These Standard Terms and Conditions of Sale (“Agreement”) sets forth the terms and conditions (“Terms”) applicable to any procurement by a purchaser (“Customer”) of any hardware and software (collectively, (“Product” or “Products”) and/or various cloud services,managed services,maintenance services and support services (collectively, “Services”) from Zinfinity, LLC (“Zinfinity”). Zinfinity’s acceptance of Customer’s order is expressly conditioned on Customer’s acceptance of these Terms. Zinfinity expressly rejects all terms and conditions set forth on Customer's PO or other documentation which are contrary to, in addition to, or which in any way modify any of the Terms contained herein. Customer shall be conclusively deemed to have accepted these Terms upon Customer’s acceptance of a Zinfinity Quotation (“Sales Quote”) referencing this Agreement. Except to the extent Customer has a written, signed, separate agreement with Zinfinity governing the purchase and sale of Products and/or Services, these Terms supersede any previous communications, representations, or agreements between the parties regarding the purchase of Products and/or Services from Zinfinity. Any changes from these Terms, must be specifically agreed to in writing by an authorized representative of Zinfinity, before becoming binding on Zinfinity.

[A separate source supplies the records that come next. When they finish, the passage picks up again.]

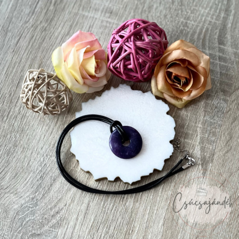 1 kép csucsajandek Fánk medál bőrhatású nyakláncon - Lepidolit
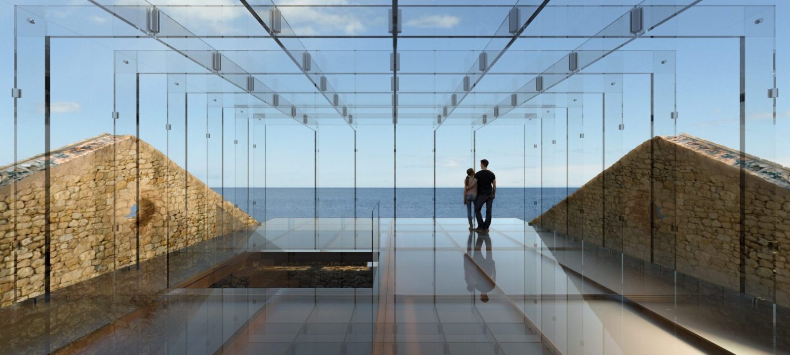 On the top level, the glass “box” offers an immersive experience of the surrounding nature reserve landscape, as well as unhindered views of the mediterranean. Its framing is constructed with glass columns and beams to further enhance the sense of transparency.
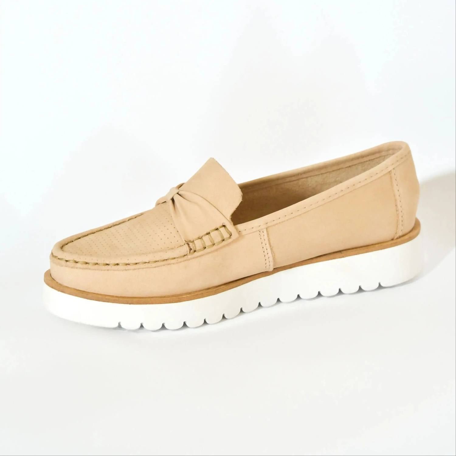 Elevate your footwear collection with the Women's Margot Slip-On Loafer by CHARLESTON SHOE CO., a blend of classic and modern aesthetics for any occasion. Crafted from premium faux leather with a buttery soft beige upper, this loafer features a chunky rubber sole offering both comfort and timeless style. Its slip-on design and cushioned insole make it a perfect choice, providing a true-to-size fit that complements tailored trousers or a casual midi dress effortlessly. Ideal for summer and holiday gatherings, this flat heel loafer is designed to be a wardrobe staple.
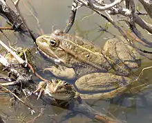 | Mating pool frogs (Pelophylax lessonae) Male above, female below | |
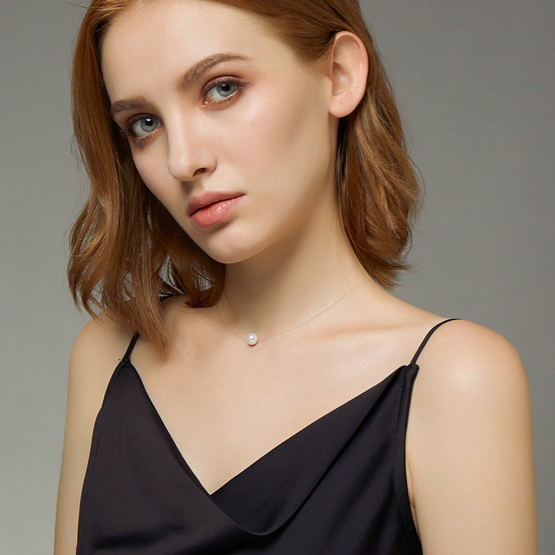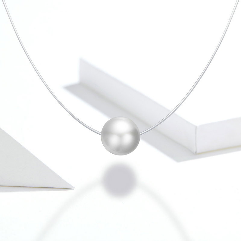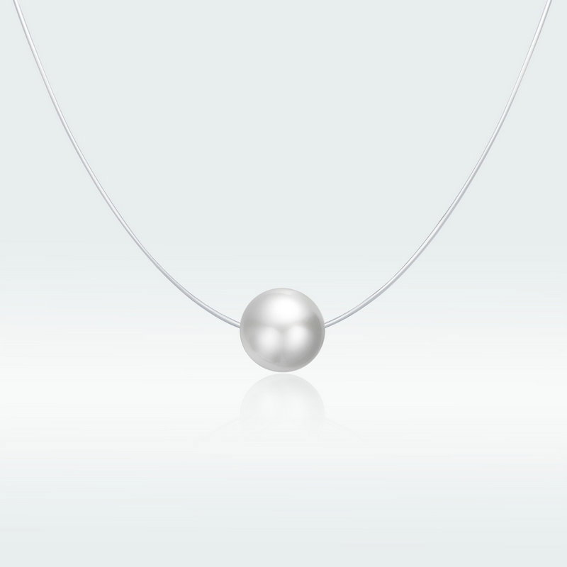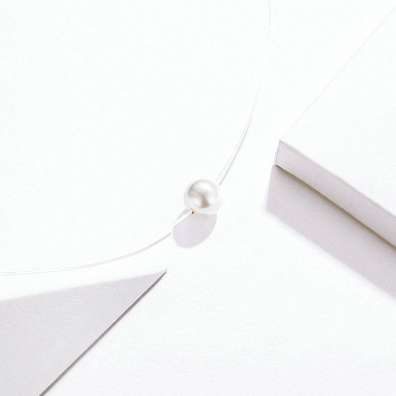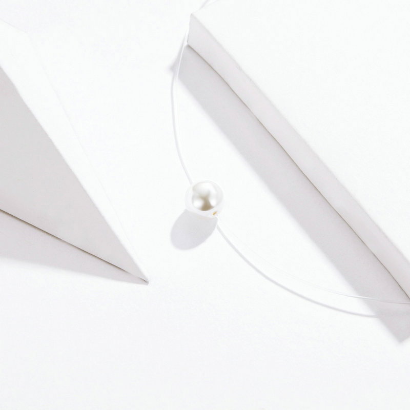 Colier argint cu perla si snur transparent (guta). Dimensiuni: Lungime 40 cm, Greutate 0,9 grame. Material: Argint 925 placat cu rodiu.
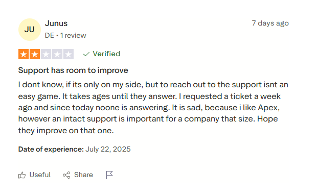 However, not all feedback is glowing—another user mentioned slow response times from Apex’s support team, noting that a week-old ticket had gone unanswered.
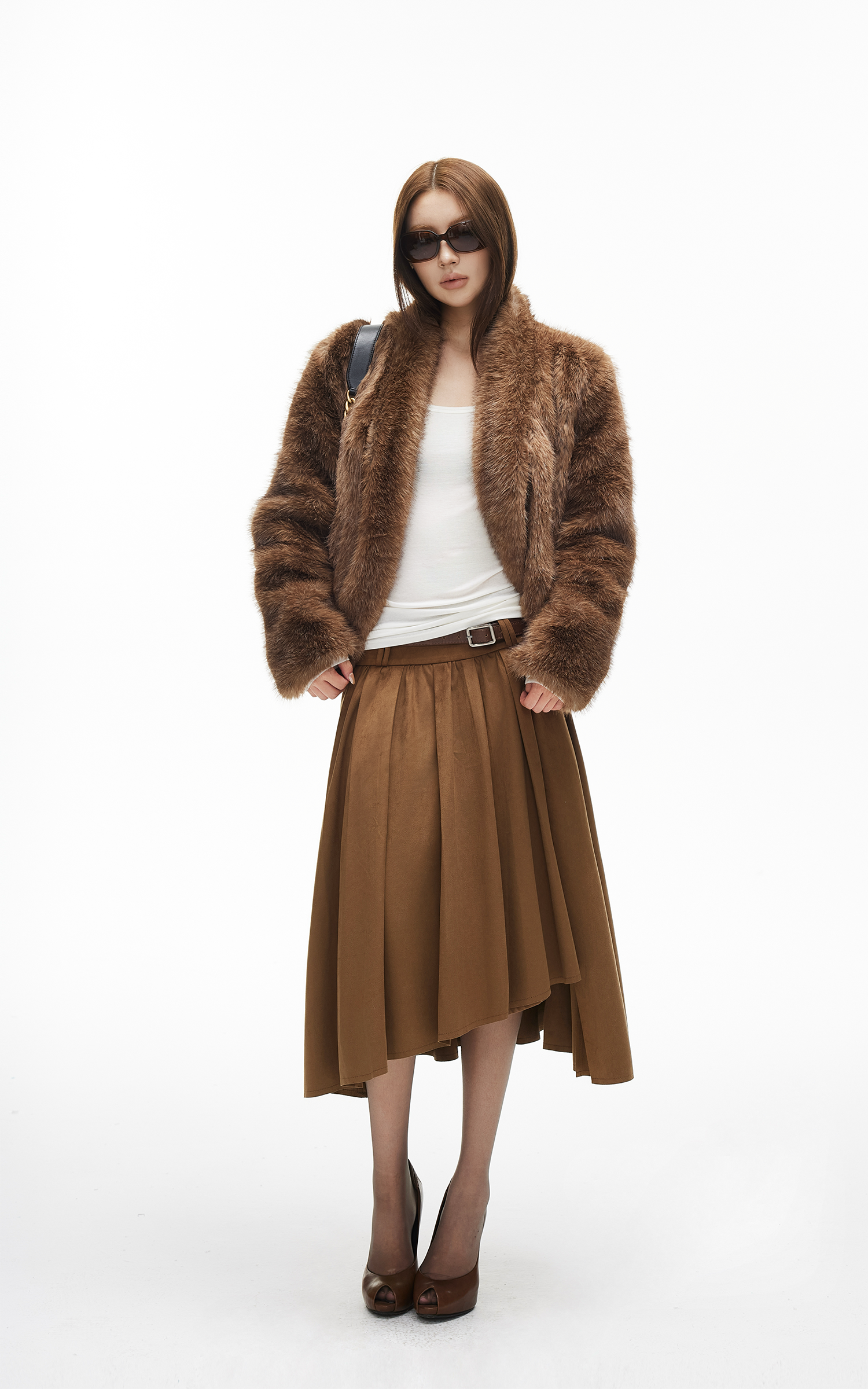 IAMXIAA Jupe midi sirène taille haute effet laine avec ourlet brut
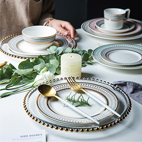 Los juegos de vajilla se cocinan con Bone China de alta calidad. afilado a los arañazos, duradero y duradero, sin preocuparse por astillas, muescas, grietas y arañazos. La vajilla sin plomo ni cromo, asegúrese de que sus alimentos se almacenen en la vajilla hecha de materiales seguros.
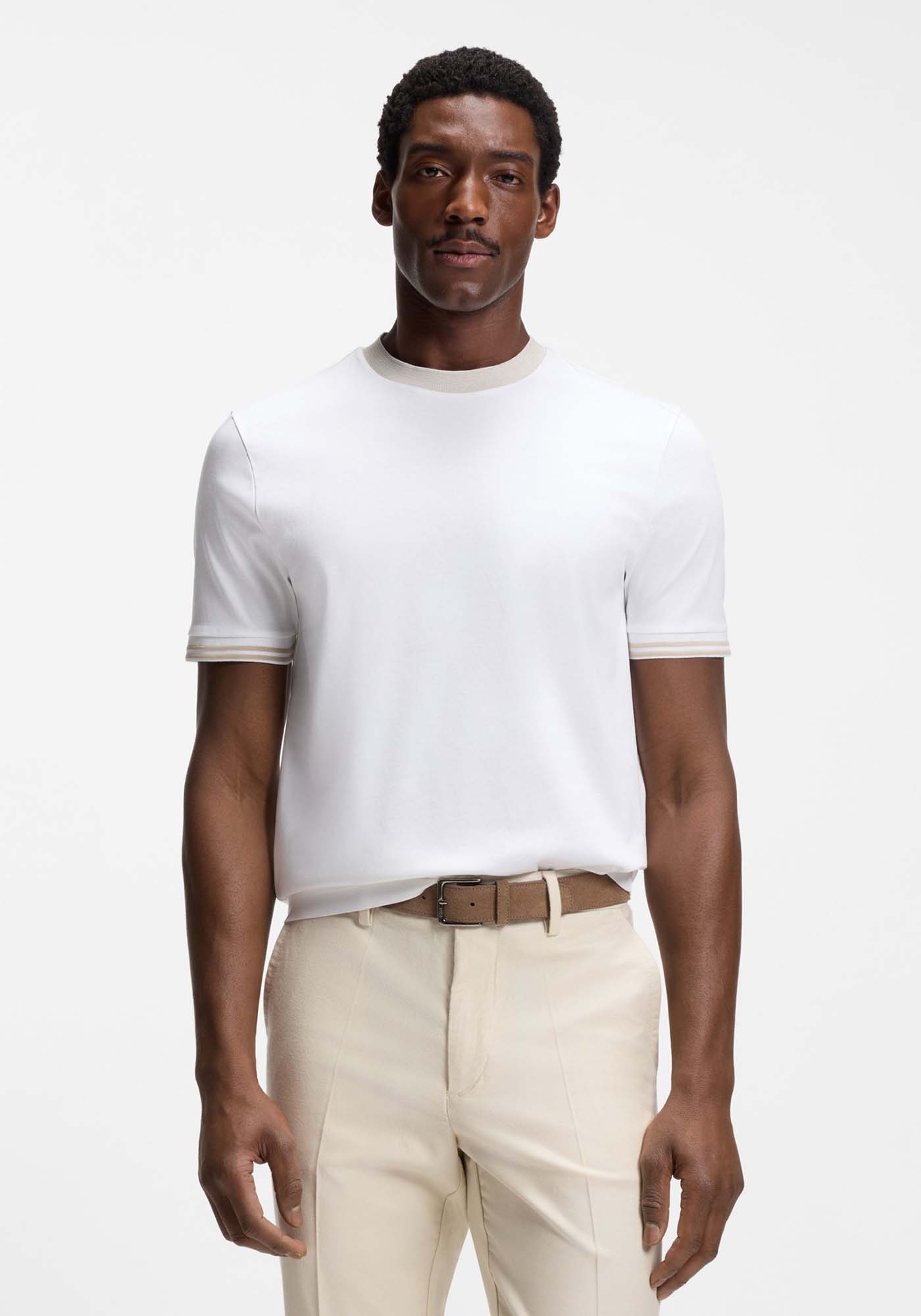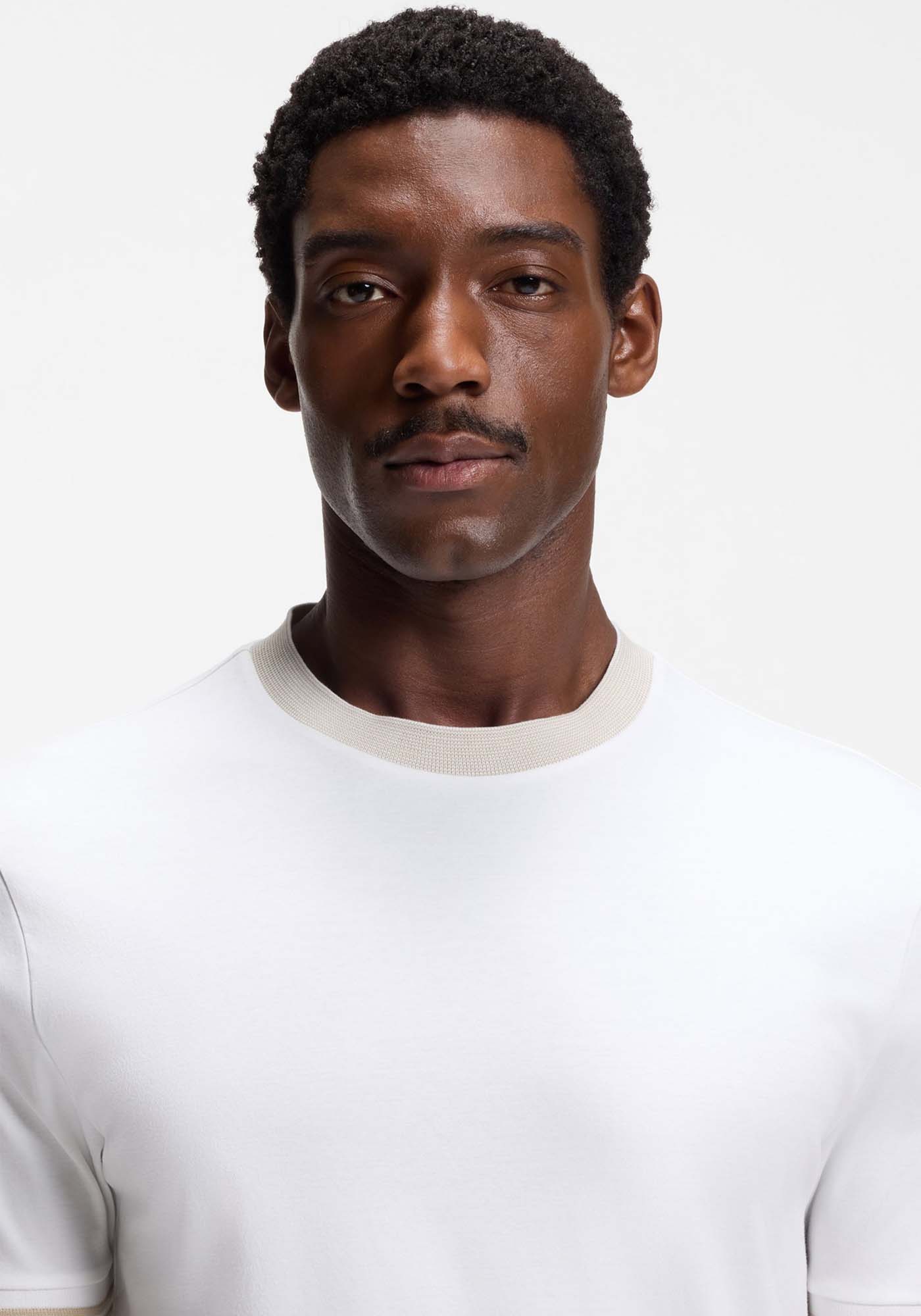 - Contrast-tipping slim-fit T-shirt in mercerised cotton
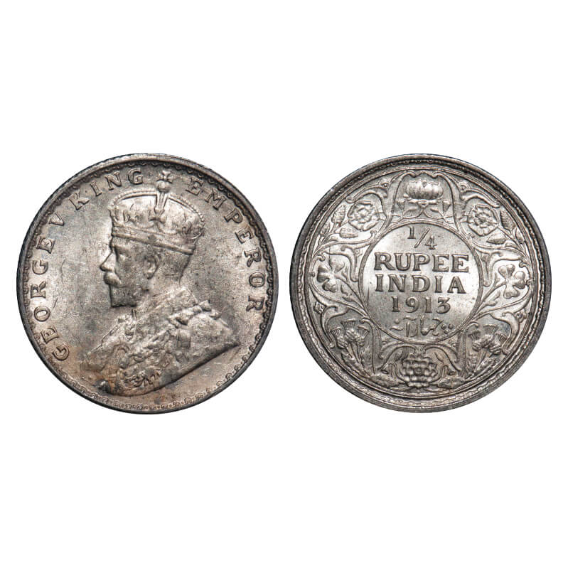 George V, Silver, 1/4 Rupee, 1913, Bombay Mint, Dot, Elephant. F. Prid 455. GK 1084. About Uncirculated. Very Scarce.
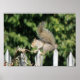 Una de una serie de impresiones que muestran una adorable ardilla gris en una valla.
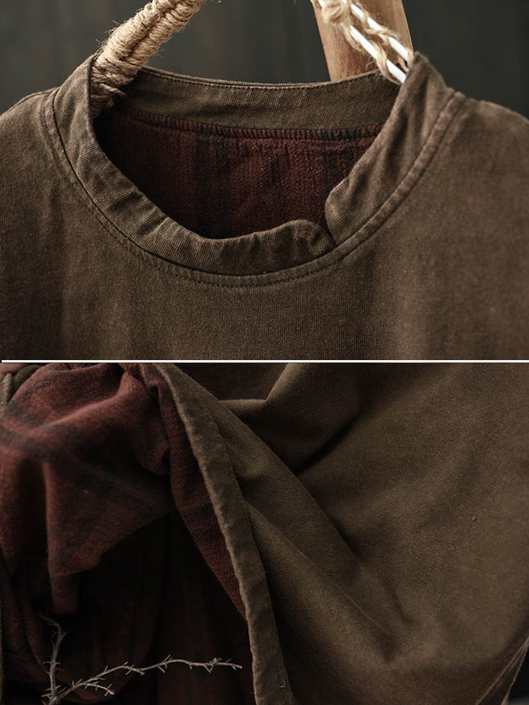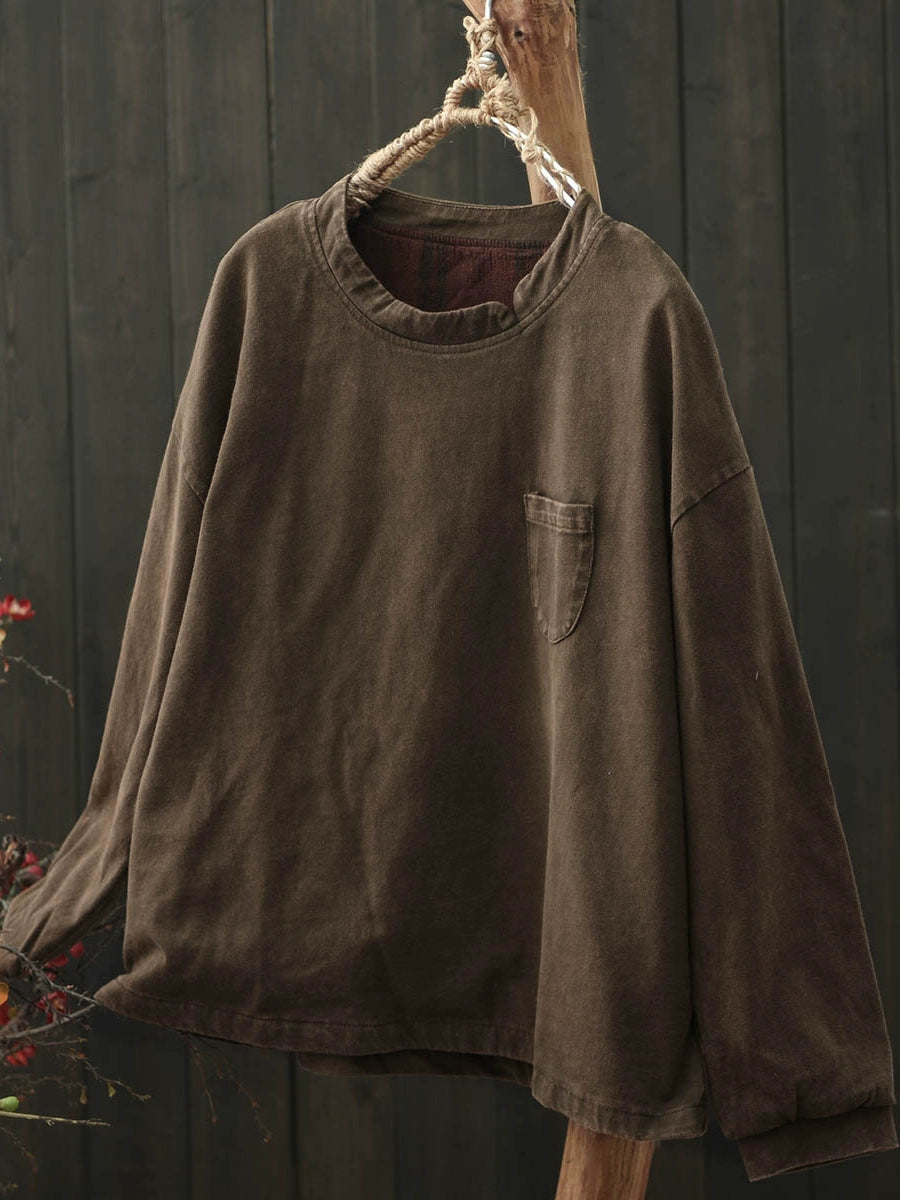 Women Artsy Autumn Pure Color Cotton O-Neck Blouse

Attorney’s Fees. In the event legal action is brought by either party, the prevailing party shall be entitled to reimbursement of reasonable attorney’s fees and court costs.
Waiver. The waiver by either party of any default or breach of this Agreement will be effective only in specific instances and for the specific purpose and shall not constitute a waiver of any other provision of this Agreement.
Survival of Obligations. Any obligations and duties that by their nature extended beyond the expiration or termination of this Agreement shall survive the termination of this Agreement shall survive the termination of this Agreement.